LIBRERÍA

El ruido de los huesos que crujen

Colección:

ISBN: 9788412300352

10,00

There are realities that stop our hearts and leave us speechless, unable to react. The Sound of Cracking Bones deals with one of those realities: child soldiers. Elikia wakes Joseph, the youngest child in the camp, just eight years old, in the middle of the night to escape the violence together and go in search of a future. Thanks to her poetic world and her ability to look at reality in a raw, but also delicate way, Suzanne Lebeau lights fragile lights of hope to reveal to younger audiences the most complex realities of the world. Precisely so that our muteness can become a transformative word. As Primo Levi says in one of the quotes that open the text, "although it is impossible to understand, it is obligatory to know."
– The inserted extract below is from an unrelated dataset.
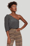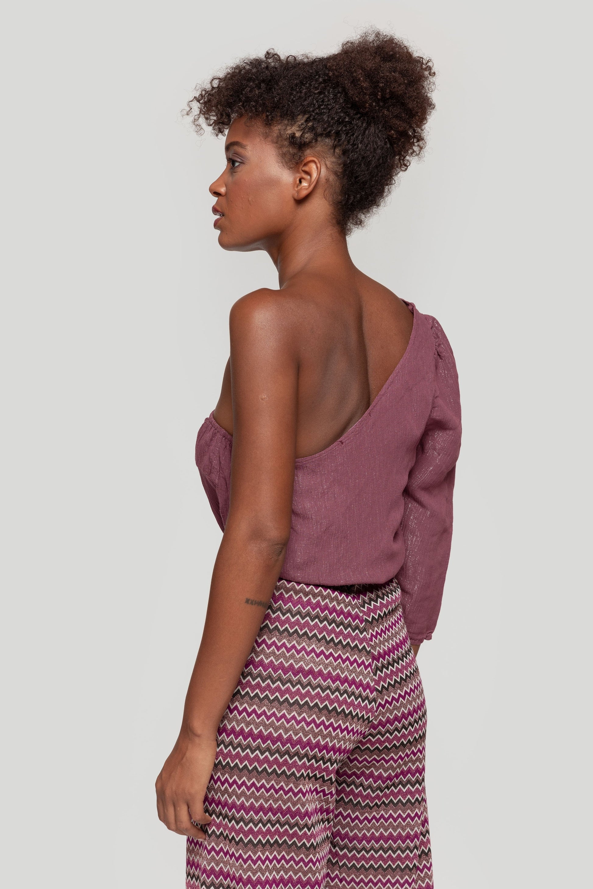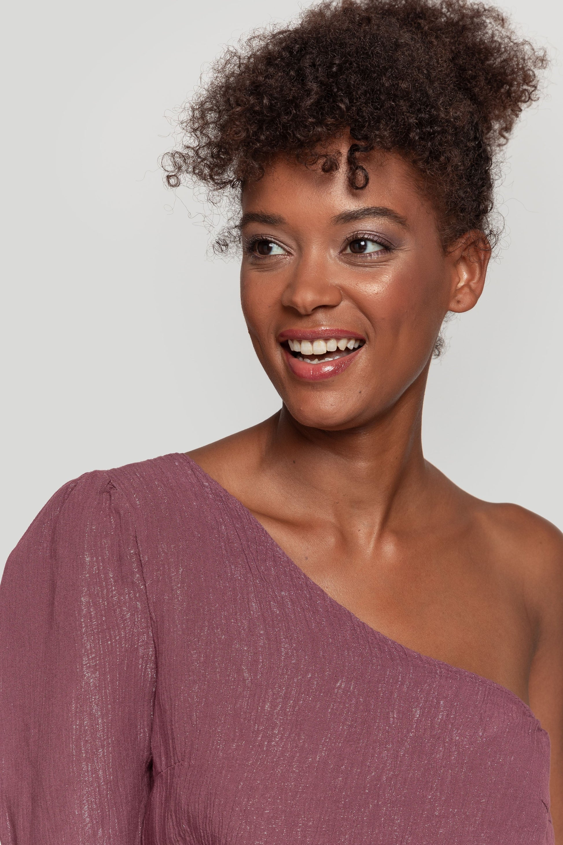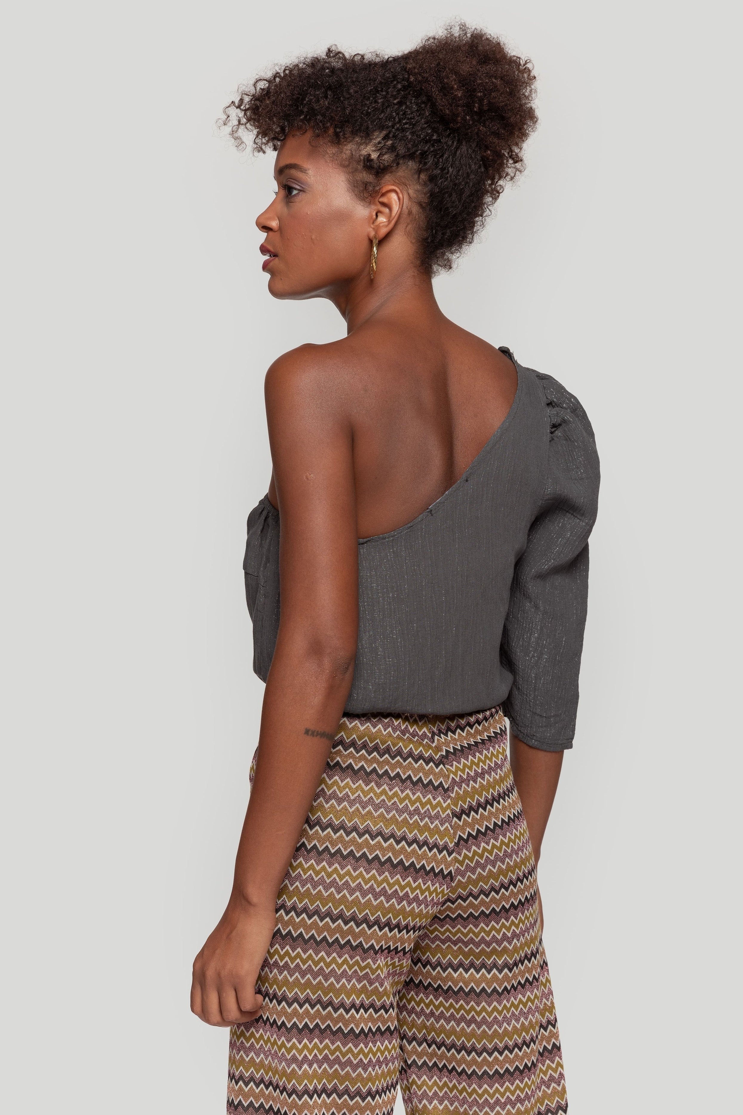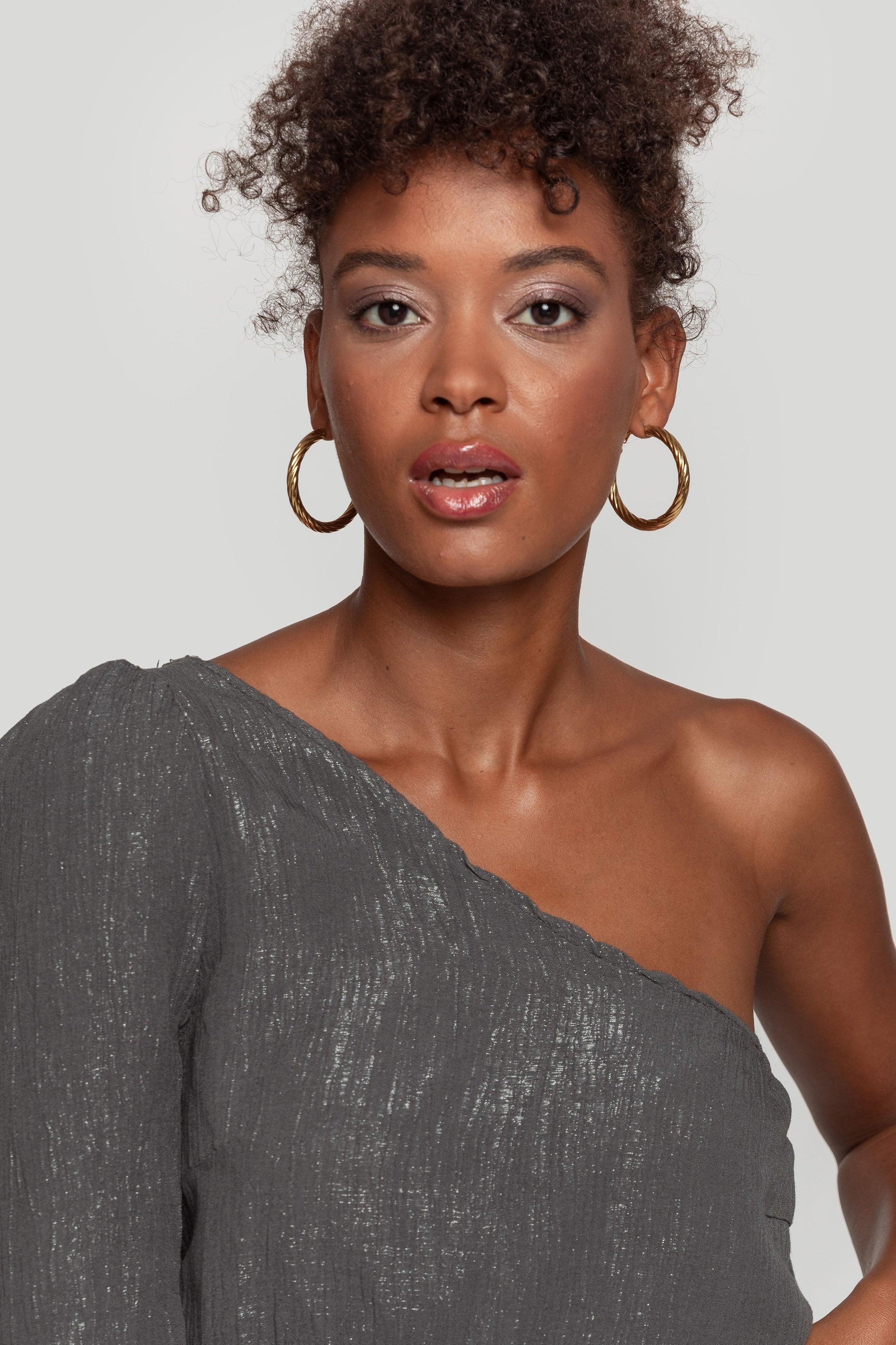 Tejido brillo. Diseño recto. Manga simetrica. Manga larga. Talla modelo: S. Altura modelo 1,70 m.
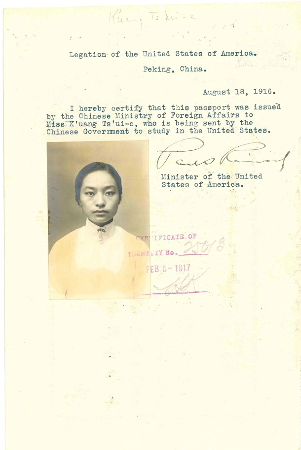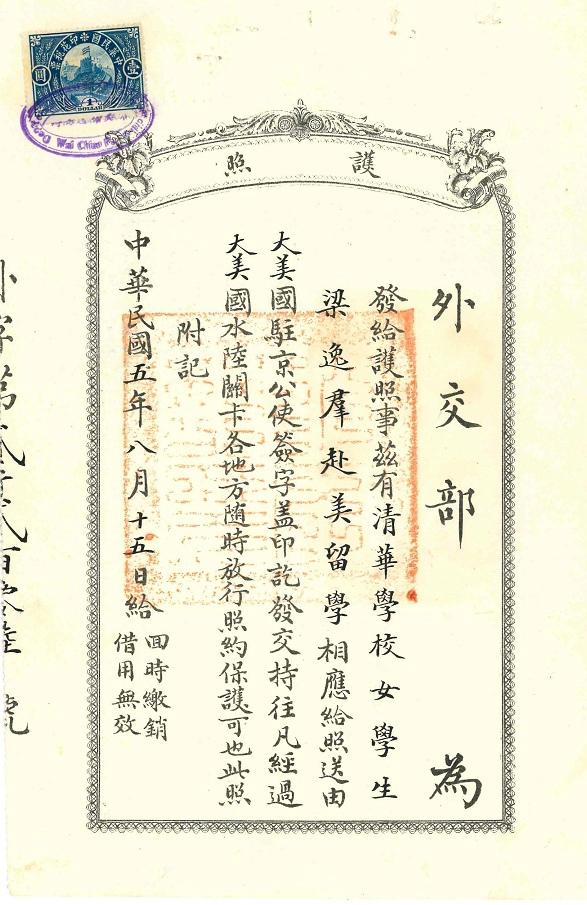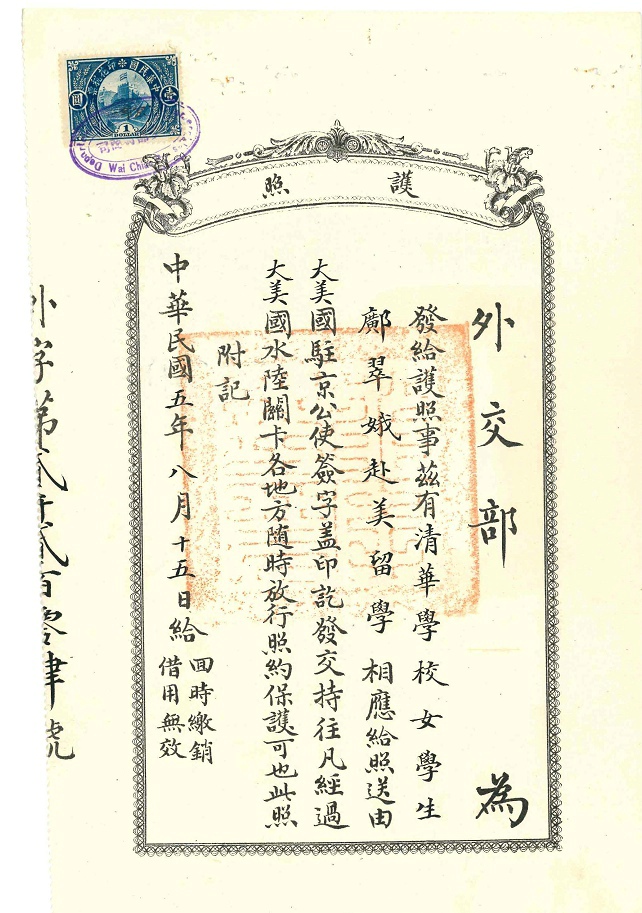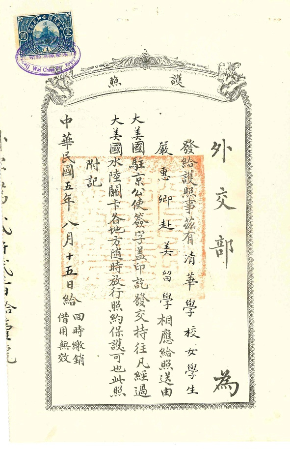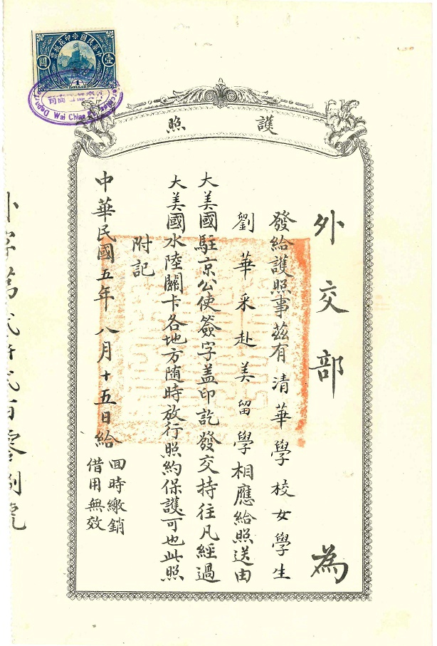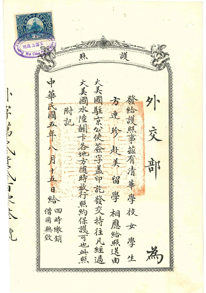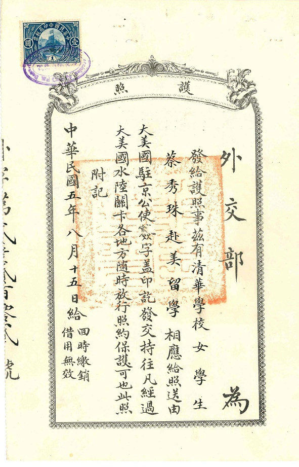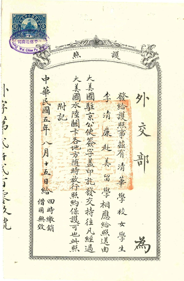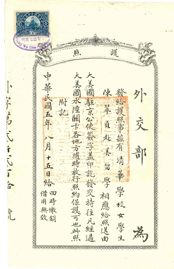 护照都是北京发的,那时北京还是民国首都,所以美国公使驻北京。跟上海发的不一样,而且这里的是专为清华官费学生开据的护照,可能是为庚款学生专案专办。

Suzanne Lebeau's commitment to giving voice to children and their realities, her determination to tell the world to the youngest children so that they can learn about the difficulties they face in other geographies, have made her theatre one of the main sources of renewal of the performing arts for children and young people. A committed theatre that is also a tool to make the world a better place.

ASSITEJ Spain has begun publishing his complete works in the International Theatre Collection, which already includes The Ogre, Sand Shoes, Three Little Sisters, Gretel and Hansel, Salvador and A Moon Between Two Houses.

Suzanne Lebeau is one of the most outstanding voices in international theatre. Her texts and her work with her company, Le Carrousel, have undoubtedly made her one of the main innovators of theatre for children in recent decades. ASSITEJ Spain has begun publishing her complete works in the International Theatre Collection, which already includes El ogrito, Zapatos de arena, Tres hermanitas, Gretel and Hansel y Salvador.

Translation by Coto Adánez.

Suzanne Lebeau

Suzanne Lebeau

Suzanne Lebeau is one of the most important voices in theatre for children and young people worldwide. Throughout her career she has questioned the limits of what can and cannot be told to children and young people. In 1975 she founded the company Le Carrousel, which has left its mark on young audiences around the world with its texts. A woman who has encouraged, through theory, pedagogy and practice, the vindication of a theatre for children and young people that is responsible, demanding of itself, with high poetic flight and social dignity. A theatre that does not renounce the criticism of this world in which we live together, young and old: a world that, in her own words, is cruel, tender, complex and contradictory.